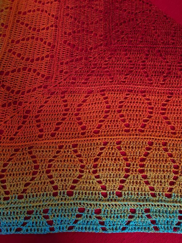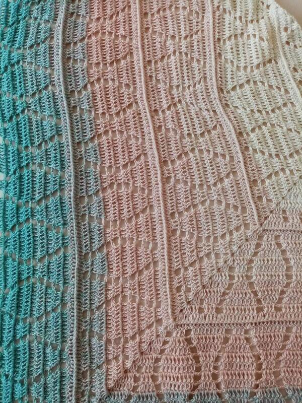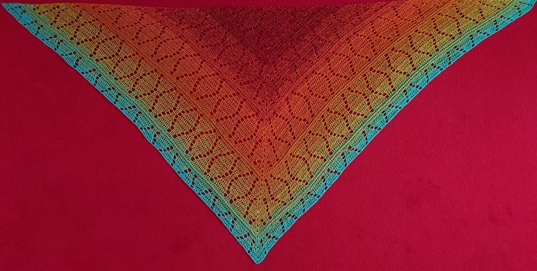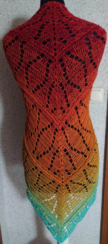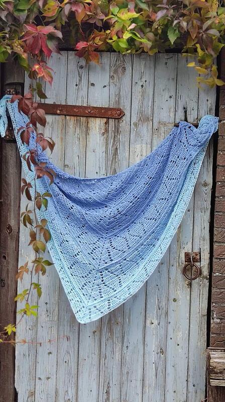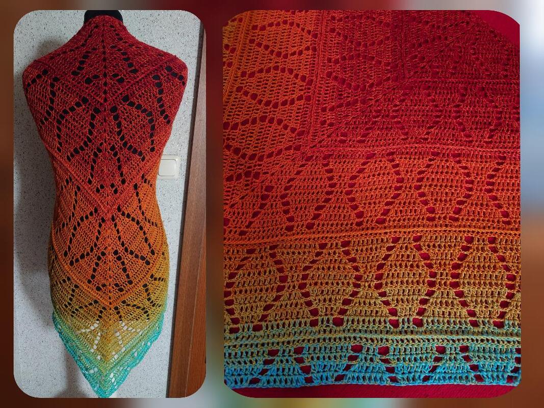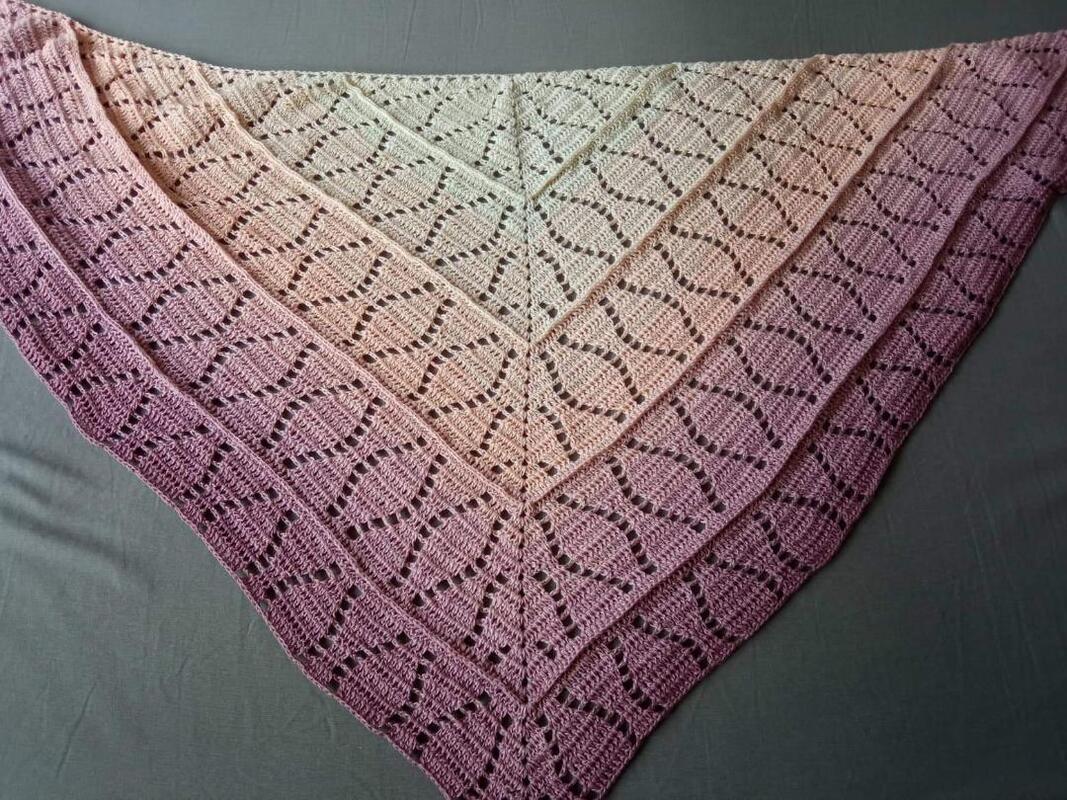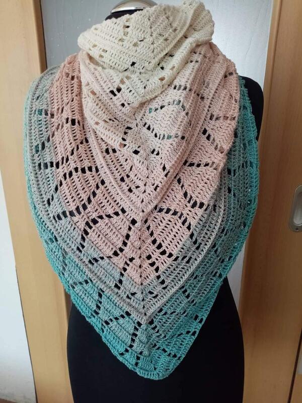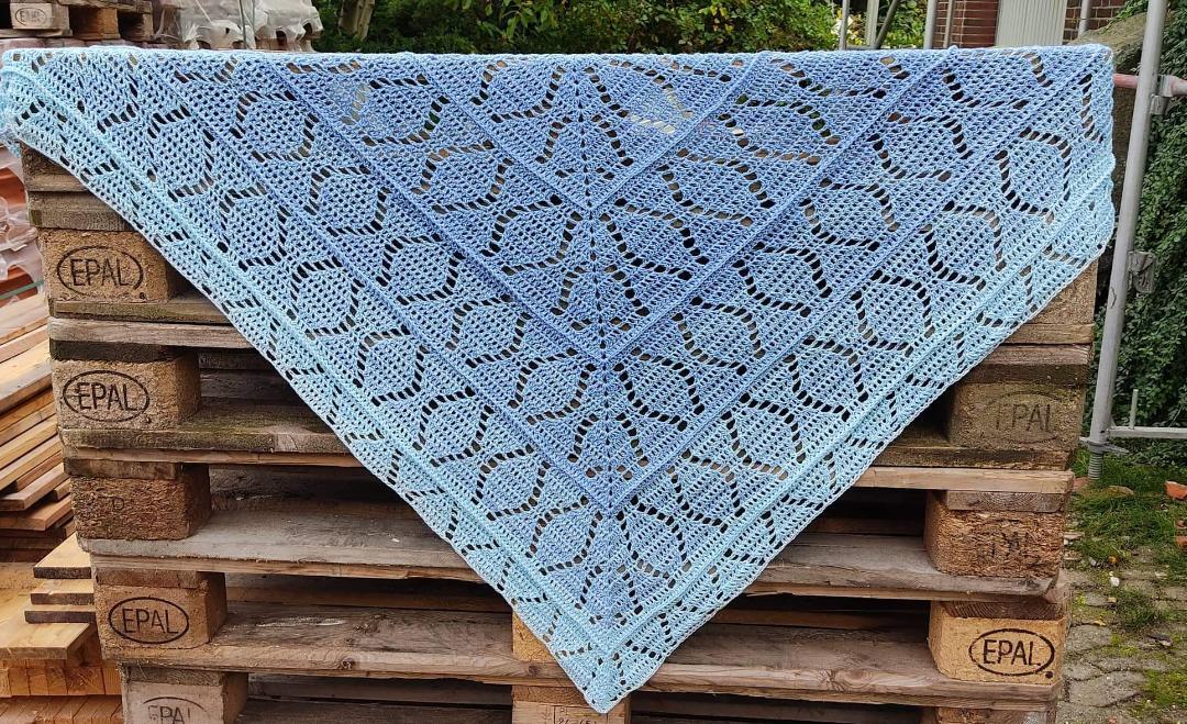 Die Anleitung zum Tuch besteht aus schriftlich ausformulierten Reihen und beinhaltet Häkelschriften.
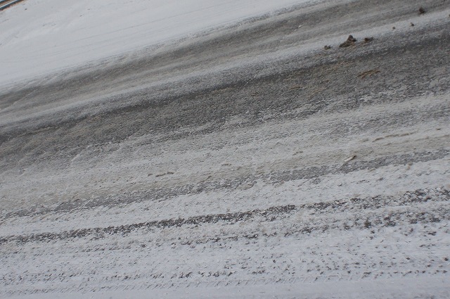 翌日はこんな感じで、雪は積もってないんですが凍結道が多くて大変。
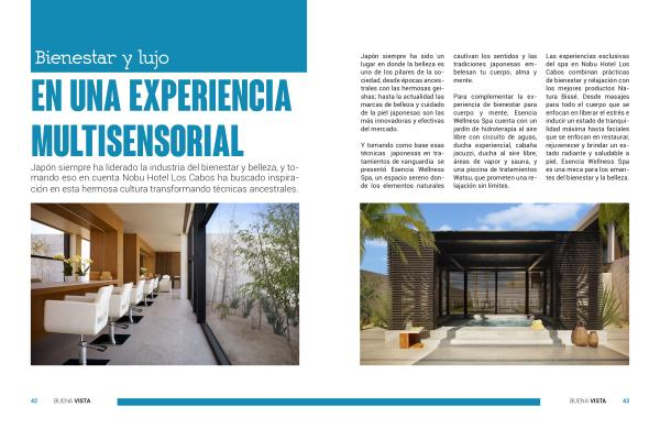 Las experiencias exclusivas del spa en Nobu Hotel Los Cabos combinan prácticas de bienestar y relajación con los mejores productos Natura Bissé . Desde masajes para todo el cuerpo que se enfocan en liberar el estrés e inducir un estado de tranquilidad máxima hasta faciales que se enfocan en restaurar , rejuvenecer y brindar un estado radiante y saludable a piel , Esencia Wellness Spa es una meca para los amantes del bienestar y la belleza .
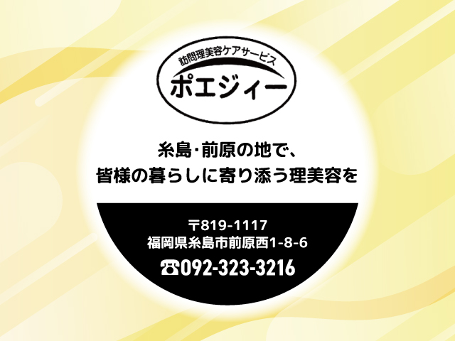 福岡県糸島市、前原西に店舗拠点を構える「訪問理美容ポエジィー」です。
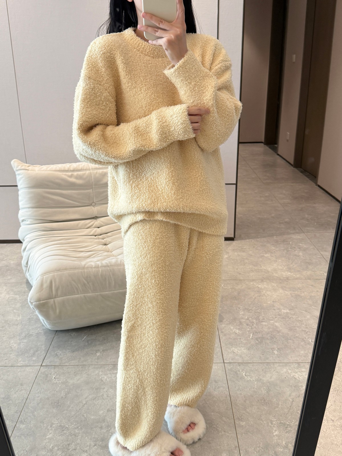 반 벨벳 잠옷 겨울 새로운 아이스크림 컬러 부드러운 스트레칭 홈 의류 여성 두꺼운 세트 입을 수 있습니다

#####

#### Exercise instructions:
For this exercise, give the listing again exactly as written, with the pictures omitted.

#### Answer to this exercise:
 Die Anleitung zum Tuch besteht aus schriftlich ausformulierten Reihen und beinhaltet Häkelschriften.
 翌日はこんな感じで、雪は積もってないんですが凍結道が多くて大変。
 Las experiencias exclusivas del spa en Nobu Hotel Los Cabos combinan prácticas de bienestar y relajación con los mejores productos Natura Bissé . Desde masajes para todo el cuerpo que se enfocan en liberar el estrés e inducir un estado de tranquilidad máxima hasta faciales que se enfocan en restaurar , rejuvenecer y brindar un estado radiante y saludable a piel , Esencia Wellness Spa es una meca para los amantes del bienestar y la belleza .
 福岡県糸島市、前原西に店舗拠点を構える「訪問理美容ポエジィー」です。
 반 벨벳 잠옷 겨울 새로운 아이스크림 컬러 부드러운 스트레칭 홈 의류 여성 두꺼운 세트 입을 수 있습니다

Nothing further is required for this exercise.